**Various kinds of turbulent dissipation?**

The current interest in Onsager’s conjecture (see my blog of 23 September 2021) has sparked my interest in the nature of turbulent dissipation. Essentially a fluid only moves because a force acts on it and does work to maintain it in motion. The effect of viscosity is to convert this kinetic energy of macroscopic motion into random molecular motion, which is perceived as heat. If there is turbulence, this acts to transfer the macroscopic kinetic energy to progressively smaller scales, where the steeper velocity gradients can dissipate it as heat.

This all seems quite straightforward and well understood. However, Onsager’s conjecture, as a matter of physics, is less easily understood. It interprets the infinite Reynolds number limit as being when the continuum nature of the fluid breaks down. It also implies that, when the Reynolds number becomes very large, the Navier-Stokes equation somehow becomes the Euler equation; which, despite its inviscid nature, satisfactorily accounts for the dissipation. It can do this (supposedly) because it has lost its property of conserving energy. In turn, this is supposed to happen because the velocity is no longer a continuous and differentiable field. Of course there does not seem to be any mechanism for turning the dissipated energy into heat, so the thermodynamic aspects of this process look distinctly dodgy.

There are two other cases where macroscopic kinetic energy is not turned into heat.

The first of these is in large-eddy simulation, which has for many years been widely studied for its practical significance. This of course is not a physical situation. It is purely a method of simulating turbulence numerically without being able to resolve all the scales: an introduction can be found in [1]. The central problem is to model the flow of energy to the scales which are too small to be resolved: the so-called *subgrid drain*. Various models have been studied for the subgrid viscosity, while a novel approach is the operational method of Young and McComb [2]. In this latter, an algorithm is used to feed back energy into the resolved modes, such that the spectral shape is kept constant. In fact this method can be interpreted in terms of an effective subgrid viscosity which is very similar to that found in conventional simulations when a large-eddy simulation is compared to a fully resolved one. But, so far as I know, no one has considered modelling the temperature rise that would be due to the viscous dissipation in these cases.
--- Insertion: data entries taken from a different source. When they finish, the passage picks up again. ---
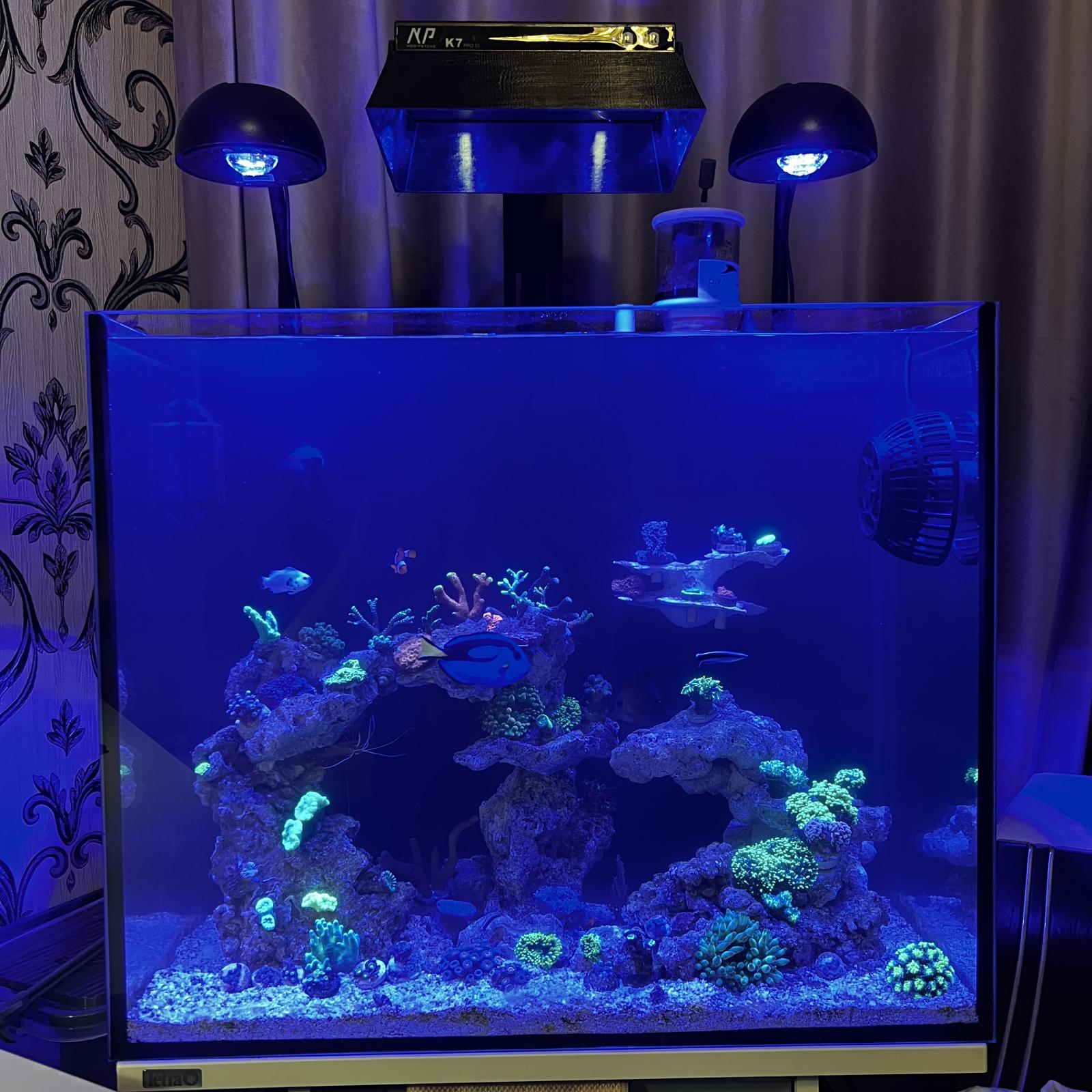 Цена с гидробионтами обсуждается отдельно, но думаю около 85000. Есть хорошие дорогие кораллы.
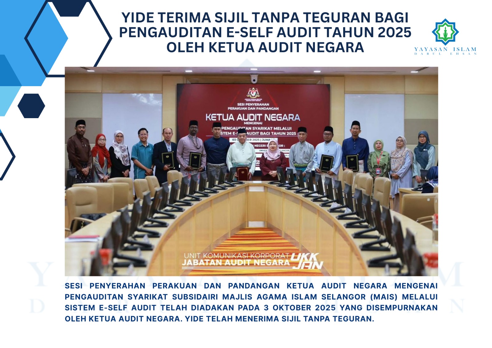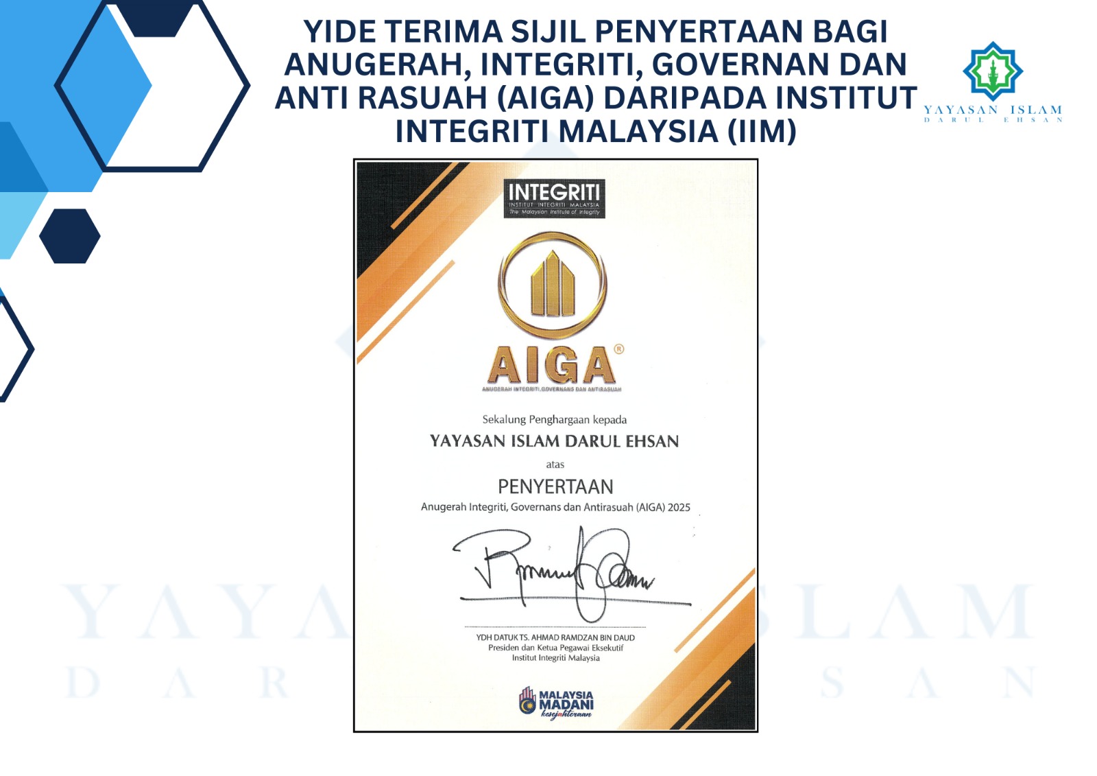 Yayasan Islam Darul Ehsan (YIDE) memperolehi Sijil Penghargaan Sebagai Rakan Strategik Jabatan Kebajikan Masyarakat Tahun 2025 daripada Kementerian Pembangunan Wanita, Keluarga Dan Masyarakat pada 1 Julai 2025.
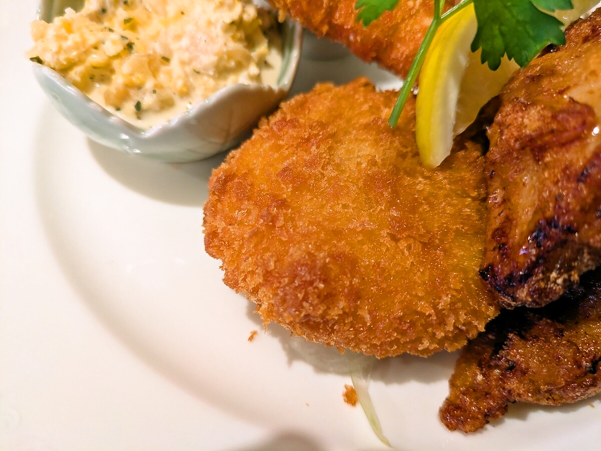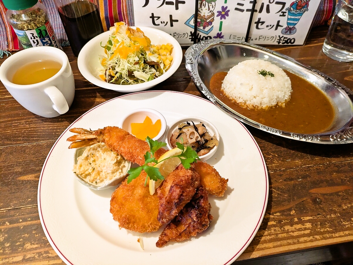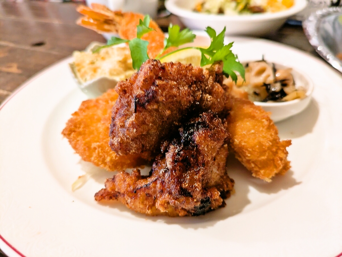 メインプレートには、サクッと揚がった海老フライ、とろりとクリーミーなクリームコロッケ、そしてジューシーなから揚げが並び、どれも揚げたての香ばしい香りが食欲を刺激する
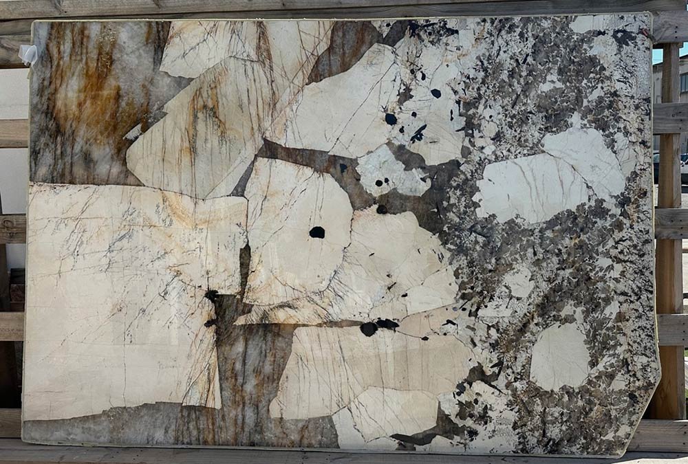 Un tavolo di design, il cui piano valorizza il fascino delle superfici materiche: una lastra di marmo Patagonia selezionata tra più blocchi, regala il gioco di luce tra la parte marmorea naturale e la lucidità della parte quarzitica, sorprendente.
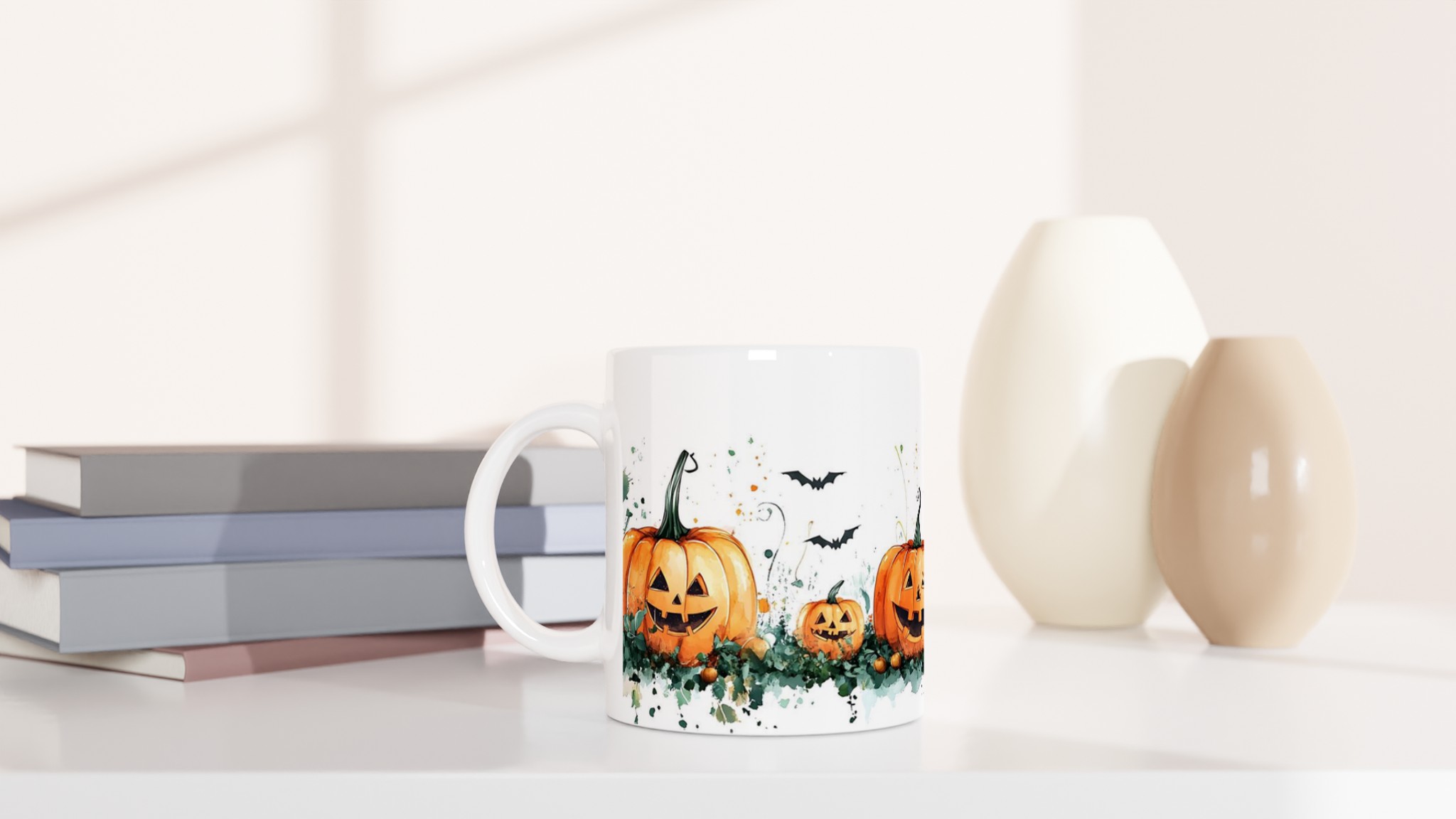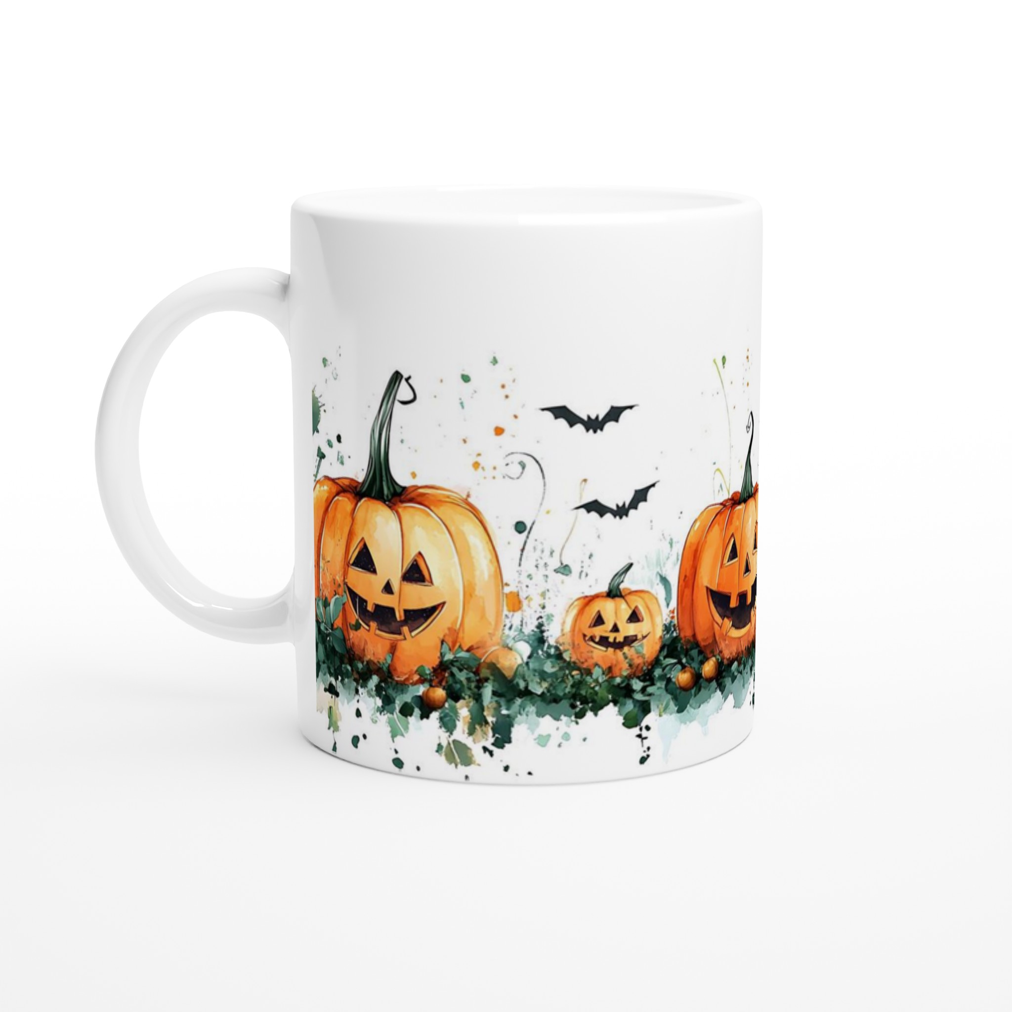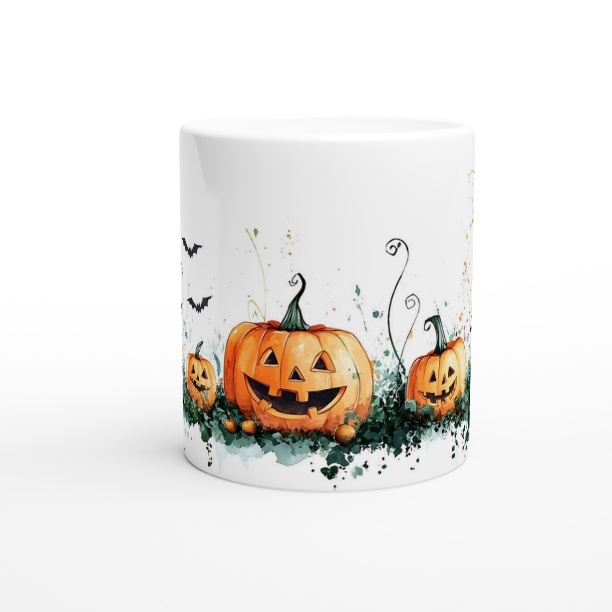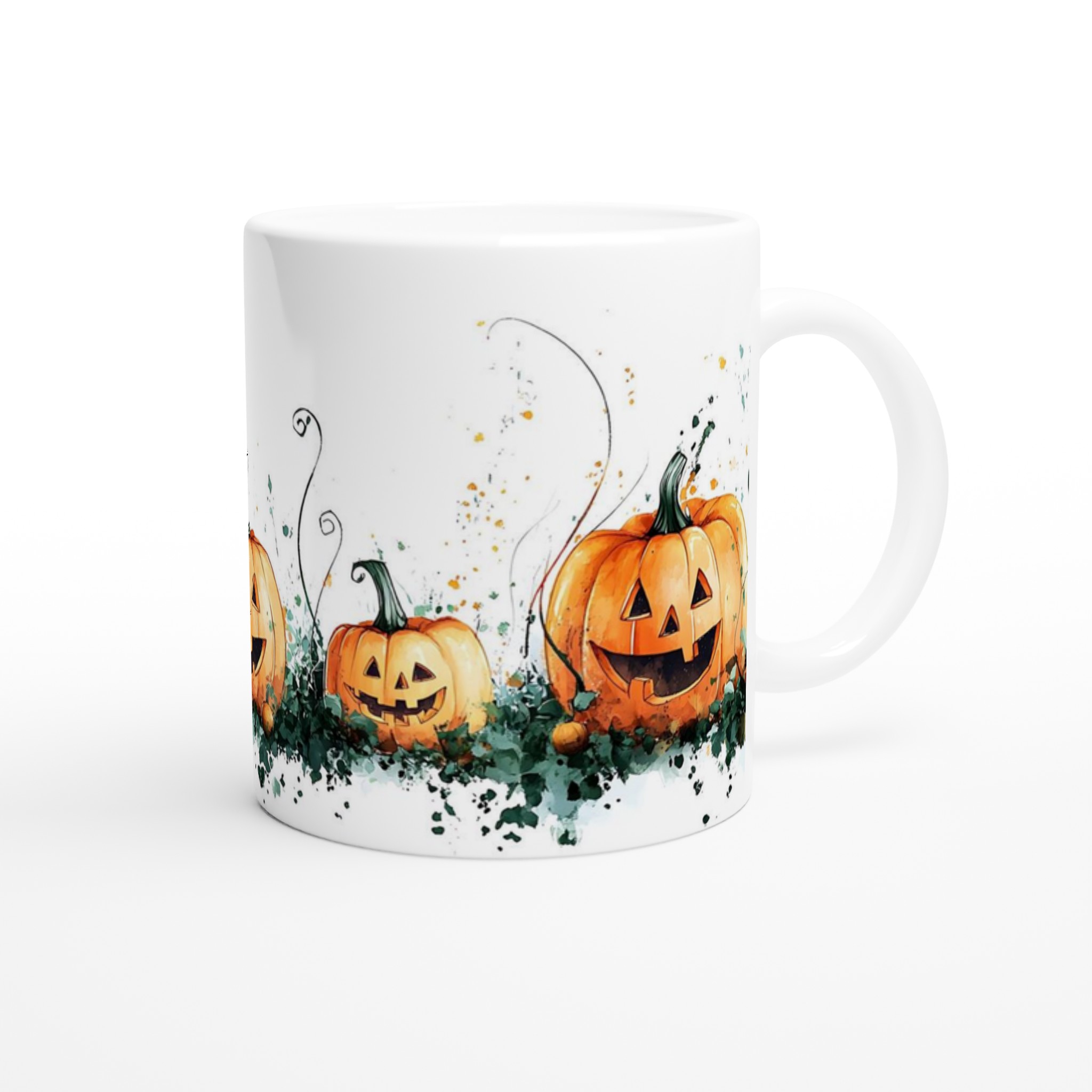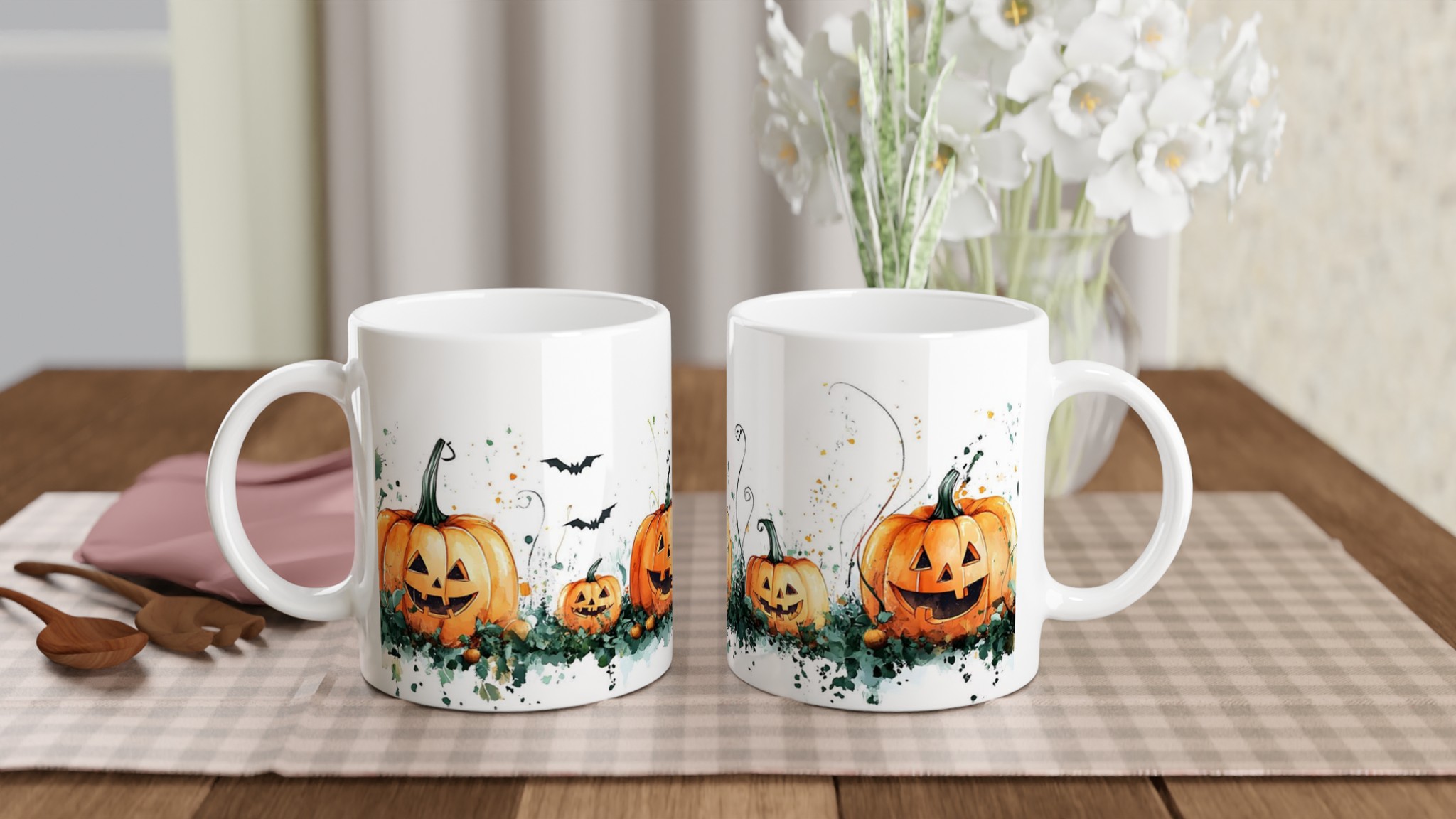 Spooky Watercolor Jack-o’-Lantern 11oz Ceramic Mug – Perfect for Halloween Sips!

The second case is the direct simulation of the Euler equation. Such simulations can only lead to thermal equilibrium but naturally the simulations must be truncated to a finite number of modes, to avoid having an infinite amount of energy. However, in 2005, some interesting transient behaviour was been found in truncated Euler simulations [3] and confirmed the following year by the use of a closure approximation [4]. These simulations may be divided in terms of their energy spectra into two spectral ranges: a Kolmogorov range and an equipartition range. A buffer range in between these two is described by Bos and Bertoglio as a ‘*quasi-dissipative’* zone, which is another example of non-viscous dissipation. However, it can only exist for a finite time and ultimately the system must move to thermal equilibrium.

I think it would be interesting to see one of the proponents of Onsager’s conjecture explain the simple physics of how the conjectured situation came about with increasing Reynolds number. All the mathematical expressions you need to do that are available. But I don’t think I will see that any time soon!

[1] W. D. McComb. The Physics of Fluid Turbulence. Oxford University Press, 1990.

[2] A. J. Young and W. D. McComb. Effective viscosity due to local turbulence interactions near the cutoff wavenumber in a constrained numerical simulation. J. Phys. A, 33:133-139, 2000.

[3] Cyril Cichowlas, Pauline Bonatti, Fabrice Debbasch, and Marc Brachet. Effective Dissipation and Turbulence in Spectrally Truncated Euler Flows. Phys. Rev. Lett., 95:264502, 2005.

[4] W. J. T. Bos and J.-P. Bertoglio. Dynamics of spectrally truncated inviscid turbulence. Phys. Fluids, 18:071701, 2006.